El pelo se le estaba mojando por la lluvia a la Sra. Jones. El resultado de tantas horas de peluquería había quedado arruinado en apenas dos minutos a causa del inesperado aguacero. Corrió a resguardarse hasta la discreta entrada de la pensión Reyes. Hacía años que no pasaba por allí y no esperaba que el viejo edificio aún se mantuviera en pie. Pediría un taxi y, con suerte, en media hora estaría cenando en casa.
La recepcionista pareció sorprendida al verla. No debían recibir muchas visitas estos días, pensó.
Mientras le comentaba su situación a la joven, iba tan distraída que no se percató del cadáver que asomaba tras el mostrador. Lo que sí observó a la derecha fue el lúgubre salón, donde en una de las mesas permanecían los restos de una cena para dos y copas de champán apenas intactas. Claramente andaban cortos de servicio si nadie había pensado en recogerlo.
Un fuerte relámpago iluminó la estancia y el cuerpo ensangrentado en el suelo apareció ante sus ojos. La Sra. Jones no fue capaz de contener un grito.

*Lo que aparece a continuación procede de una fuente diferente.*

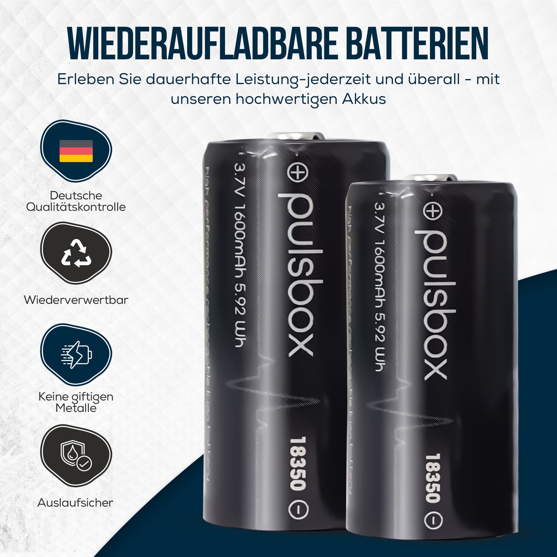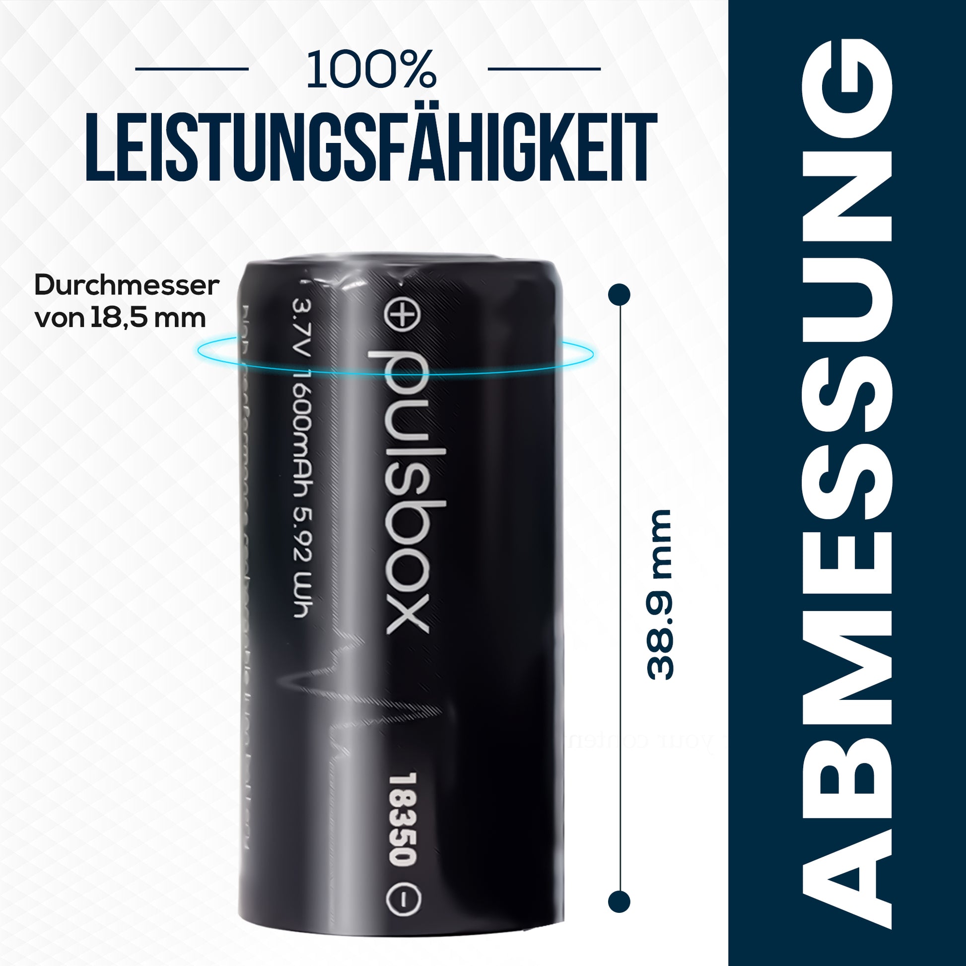 pulsbox 18350 | 18400 Li-Ion Akku 3,7V 1600mAh integrierte PCB-Schutzschaltung
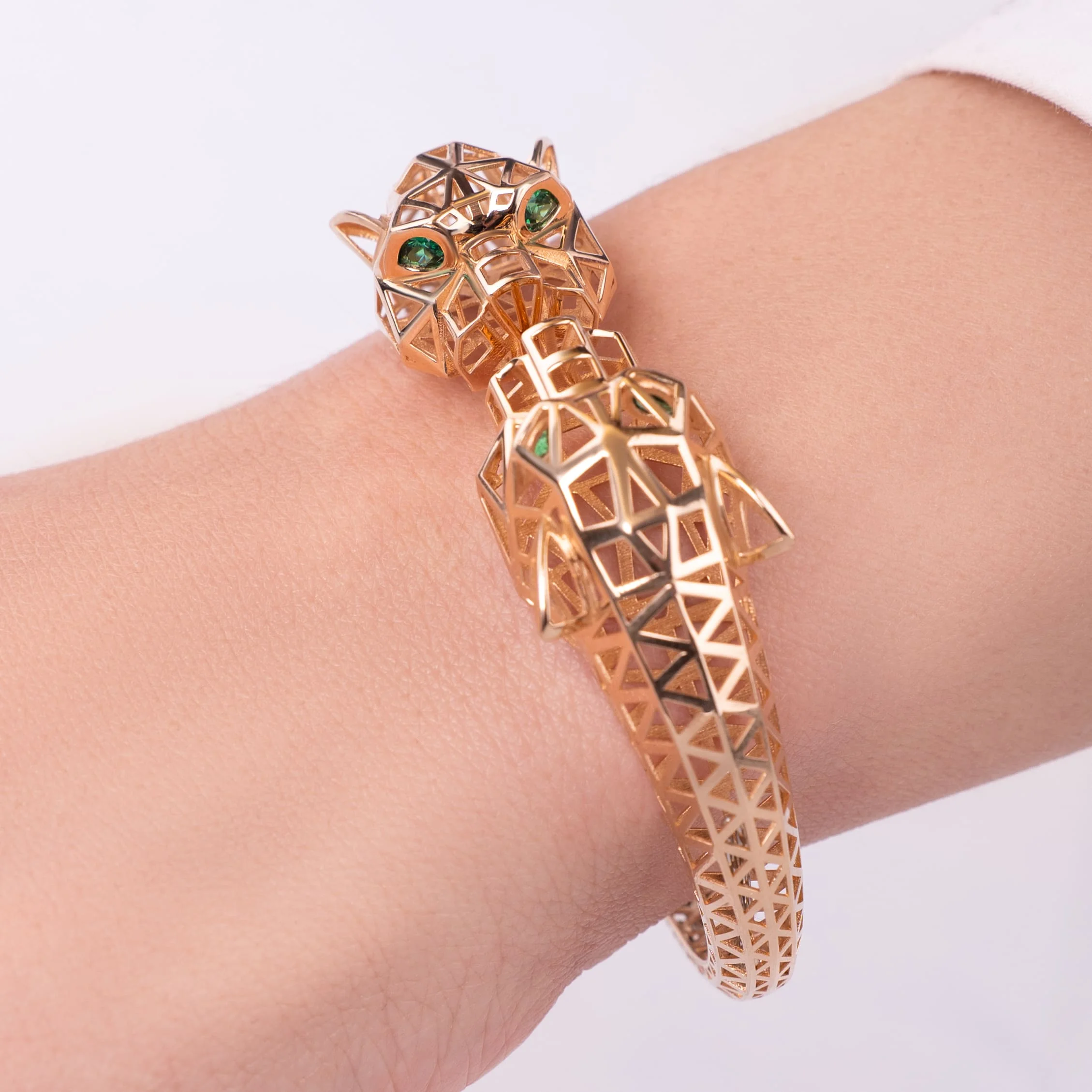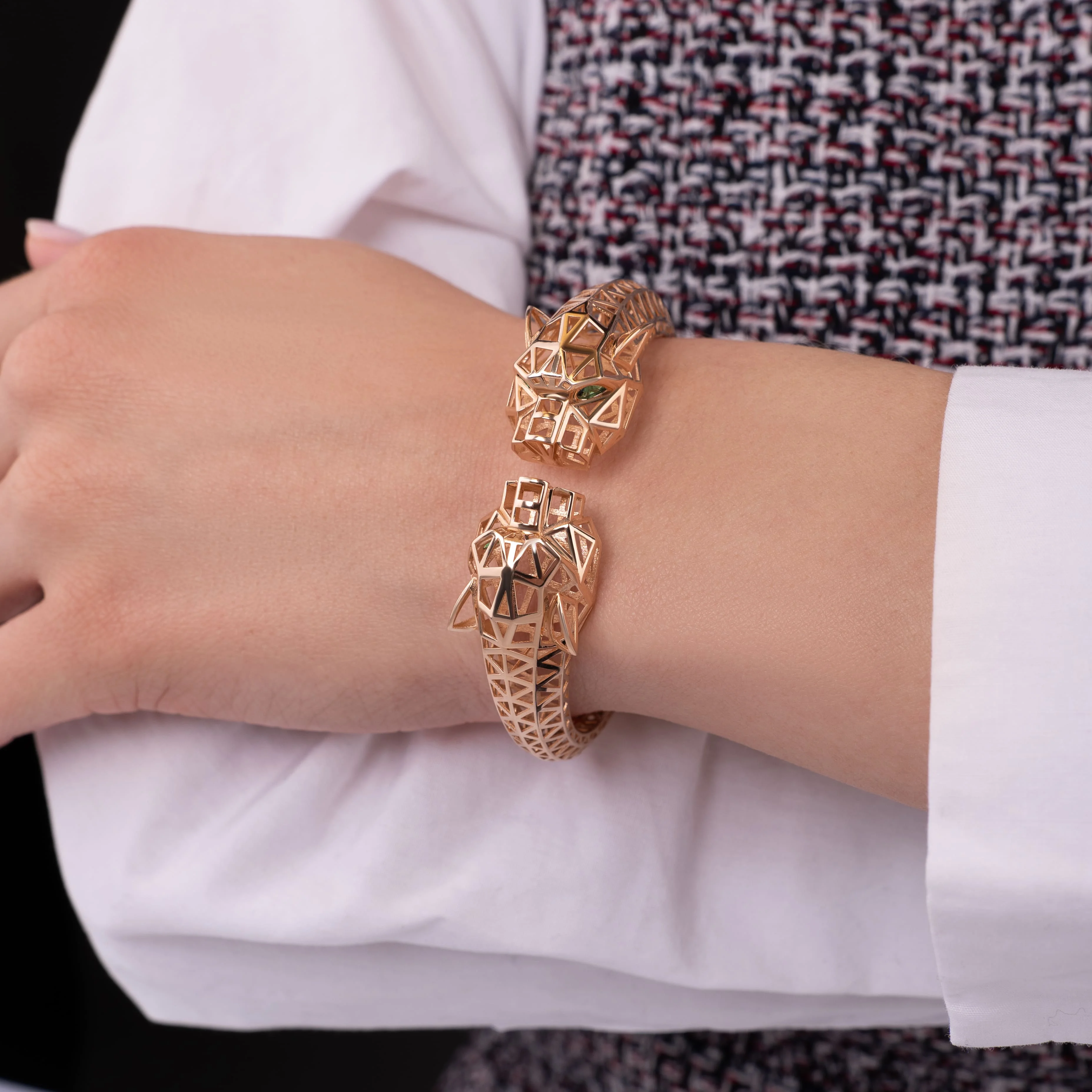 Жесткий незамкнутый браслет из красного золота "Пантера" с фианитами - 1976702
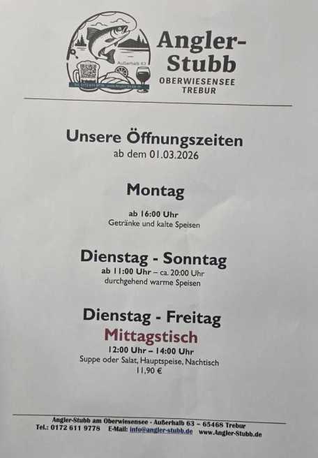 | Montags ab 16.00 Uhr Getränke und kalte Speisen Dienstag bis Freitag Mittagstisch von 12.00 bis 14.00 Uhr Dienstag bis Sonntag ab 11.00 Uhr bis ca. 20.00 Uhr durchgehend warme Speisen. Wir freuen uns auf euren Besuch! | |
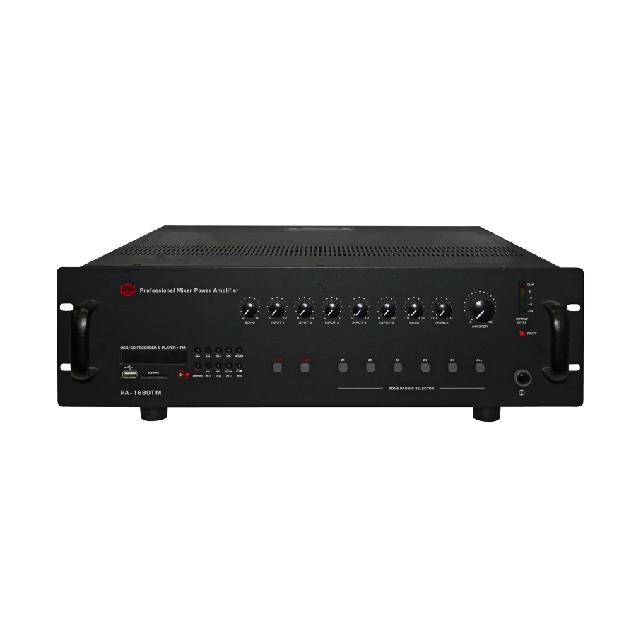 Комбинированный усилитель для трансляции и оповещения. 4 комбинированных балансных входа Входные RCA-разъемы PRE-выходной MP3 плеер ( MP3-500 ) +USB / MMC / SD интерфейс, с функцией записи и FM-тюнер. 1 вход с mute функцией Регулятор низких и высоких частот Индивидуальный контроль громкости для каждого входа Вентилятор охлаждения Схема защиты: перегрузки по току, защита от перенапряжения и короткого замыкания Светодиодный индикатор выходного уровня Мощность: RMS 680 Вт/макс.720 Вт АЧХ: 50 Гц-17 кГц Фантомное питание 48 В. Регулятор тембра НЧ: ±10 дБВ (100 Гц); ВЧ: ±10 дБВ (10 кГц) Коэффициент гармоник: <0.5% Сопротивление: 4, 8, Ом Выходное напряжение: 70 В, 100 В Функция сирены Зоны - 5 Телефонный пейджинг Приоритет первого какнала 4 Тоновых сигнала Тюнер - FM Размеры (ШxГxВ) 482x440x150 мм Вес -15 кг
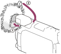 ), następnie naciągnąć osłonę przeciwwietrzną na mikrofon ciągnąc za pętelkę na osłonie przeciwwietrznej (

Cuando la detective Anita Rojo llegó al lugar del crimen habían pasado apenas un par de horas. Dos turistas que llegaban borrachos se encontraron la siniestra escena y avisaron a la policía. El cuerpo de la Sra. Jones y el del hombre, que resultó ser el auténtico recepcionista, yacían en el suelo con varias puñaladas cada uno.
Rojo, tras varias horas de observaciones y preguntas, trazó un mapa bastante certero de los hechos. La cena sin terminar le dio la pista que necesitaba. La asesina había pillado a su marido y la amante de este improvisando una velada romántica en la pensión en la que él trabajaba como recepcionista y a la que apenas iba nadie. Le había matado primero a él y había escondido su cadáver tras el mostrador. Cuando la Sra. Jones llegó de forma inesperada fingió trabajar en la recepción y cuando ésta descubrió lo que había pasado no tuvo más remedio que matarla también. Pero, ¿y la amante? No había ni rastro de otro cadáver.
Días después, en su despacho, observaba el reloj de arena que había en la mesa. Era un regalo de su hijo por su último cumpleaños. Y entonces lo recordó: el reloj de cuco en el hall de la pensión. Cuando era pequeña había uno igual en casa de sus abuelos y ella podía pasar horas jugando a esconderse dentro sin que nadie la encontrara.
Al volver a la pensión, lo que encontró dentro del reloj lamentablemente no le sorprendió. Qué fatal destino para la amante, encerrada inerte en la estructura de madera que anunciaba las horas que ella ya no viviría.
Ahora solo faltaba poner en marcha el operativo para detener a la presunta asesina. Con tantas pruebas sería difícil que se librara.
Era una forma curiosa de ganarse la vida la suya, pensó, mientras volvía a casa viendo el mejor atardecer que recordaba en bastante tiempo.